Osservando la foto di Christian Gabriel Natale Hjort in stato di fermo, custodito dalle forze dell’ordine, è facile provare una sensazione di forte disagio, di fastidio, perché in quell’immagine convivono paradossalmente i più alti ed i peggiori esempi del senso del servizio e della dedizione allo Stato. In altro, sulla parete di fondo della caserma, campeggia una fotografia dei giudici antimafia Falcone e Borsellino. Sotto lo sguardo di questi modelli di virtù, pessimi operatori che indossano la divisa dei Carabinieri stanno compiendo una vera e propria tortura ai danni di un diciannovenne.
Sarebbe superfluo e forse addirittura fuorviante citare gli innumerevoli casi di violazione dei diritti umani dei detenuti, dei fermati, da parte delle forze dell’ordine. Ma chi scrive fa l’avvocato e non può non ricordare a se stesso che, poiché «la difesa è un diritto inviolabile» (art. 24 comma 2 della Costituzione), «l’avvocato ha la funzione di garantire al cittadino l’effettività della tutela dei diritti» (art. 2 comma 2 della Legge 247/2012 sull’ordinamento forense): non a caso, in attuazione di tali principi, divenendo avvocati si giura di impegnarsi «ad osservare con lealtà, onore e diligenza i doveri della professione di avvocato per i fini della giustizia ed a tutela dell’assistito nelle forme e secondo i principi del nostro ordinamento» (art. 8 L. 247/2012).

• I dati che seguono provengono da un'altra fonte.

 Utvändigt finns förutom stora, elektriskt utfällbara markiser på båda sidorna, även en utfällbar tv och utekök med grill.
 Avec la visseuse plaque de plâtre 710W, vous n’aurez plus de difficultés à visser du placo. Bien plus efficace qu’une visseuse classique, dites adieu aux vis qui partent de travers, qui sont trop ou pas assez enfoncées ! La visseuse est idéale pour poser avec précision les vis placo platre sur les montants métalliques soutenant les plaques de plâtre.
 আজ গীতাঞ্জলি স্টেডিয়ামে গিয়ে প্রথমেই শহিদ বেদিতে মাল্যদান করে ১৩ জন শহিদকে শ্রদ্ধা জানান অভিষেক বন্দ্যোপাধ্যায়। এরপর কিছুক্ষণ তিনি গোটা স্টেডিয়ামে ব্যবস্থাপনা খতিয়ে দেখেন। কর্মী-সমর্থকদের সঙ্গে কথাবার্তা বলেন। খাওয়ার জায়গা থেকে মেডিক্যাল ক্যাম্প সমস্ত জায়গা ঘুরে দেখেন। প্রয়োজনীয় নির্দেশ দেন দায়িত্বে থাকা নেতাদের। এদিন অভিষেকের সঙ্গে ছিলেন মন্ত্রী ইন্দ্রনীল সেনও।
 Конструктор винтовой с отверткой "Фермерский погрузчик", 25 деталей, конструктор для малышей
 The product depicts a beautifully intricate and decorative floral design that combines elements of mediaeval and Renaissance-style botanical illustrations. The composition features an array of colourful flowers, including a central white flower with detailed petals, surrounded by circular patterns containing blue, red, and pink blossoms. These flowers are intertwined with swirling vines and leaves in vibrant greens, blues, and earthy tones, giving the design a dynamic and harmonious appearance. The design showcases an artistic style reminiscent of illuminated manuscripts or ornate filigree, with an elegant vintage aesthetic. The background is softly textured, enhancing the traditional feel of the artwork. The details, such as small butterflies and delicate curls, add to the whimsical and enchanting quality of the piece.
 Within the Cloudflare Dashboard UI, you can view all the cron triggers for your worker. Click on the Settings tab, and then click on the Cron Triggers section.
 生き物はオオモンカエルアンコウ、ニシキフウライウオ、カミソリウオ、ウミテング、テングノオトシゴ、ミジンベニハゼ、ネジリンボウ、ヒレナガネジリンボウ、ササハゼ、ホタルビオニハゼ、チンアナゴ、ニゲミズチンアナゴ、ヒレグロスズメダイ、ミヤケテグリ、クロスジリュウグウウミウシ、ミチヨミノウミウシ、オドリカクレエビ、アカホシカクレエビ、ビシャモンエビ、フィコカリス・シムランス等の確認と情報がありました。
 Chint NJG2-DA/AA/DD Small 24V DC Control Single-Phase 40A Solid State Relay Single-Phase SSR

Orbene, poiché «le pene non possono mai consistere in trattamenti contrari al senso di umanità» (art. 27 comma 3 della Costituzione), è assolutamente intollerabile, per qualsiasi avvocato, quanto accaduto al giovane cittadino statunitense, sebbene presunto colpevole di un omicidio che indigna e che “grida vendetta”. Ma la vendetta, in uno stato di diritto, è unicamente la compensazione del disvalore con una punizione rieducativa del reo, dosata dal giudice sulla base delle norme tassative del codice penale, unita all’esigenza di un suo ravvedimento operoso, inclusivo del ripristino pecuniario per il danno cagionato. Null’altro. E, in ogni caso, solo laddove la colpevolezza dell’imputato risulti accertata «al di là di ogni ragionevole dubbio» (art. 533 del Codice di procedura penale).
L’alta funzione della difesa consiste proprio in questa garanzia: che i diritti dell’imputato siano sempre e comunque tutelati ed effettivamente esercitati, indipendentemente dalla gravità della sua posizione, dall’atrocità dei suoi crimini e dal disgusto che essi suscitano.
Il senso dello Stato, la civiltà giuridica, sono esattamente questo.
Perché “occhio per occhio” è un principio che fortunatamente non appartiene a questa epoca e, per curare una ferita, non può tollerarsi che se ne provochi un’altra! Con buona pace dei sostenitori di un giustizialismo da regime di polizia, che vorrebbero negare la civiltà ed inneggiano alla tortura del giovane americano: l’augurio è che costoro non vengano mai a trovarsi, magari da innocenti, nella stessa situazione del presunto colpevole ritratto in quella caserma.
Ritratto in una situazione che – sia licenza pensarlo – lo stesso Vicebrigadiere Cerciello Rega, trovandosi al posto dei colleghi autori della tortura in questione, non avrebbe mai consentito, da uomo dello Stato qual era.
Con le più sentite condoglianze alla Famiglia della vittima e la più autentica vicinanza alla parte sana dell’Arma dei Carabinieri, che ha perso un eccellente collega, chi scrive manifesta il più convinto sostegno ed augurio di buon lavoro ai colleghi che difenderanno gli accusati, nell’auspicio che la verità sia accertata ed i colpevoli – tutti, sia gli assassini che i loro torturatori – vengano puniti in modo conforme alla Legge, nel rispetto dei loro diritti.”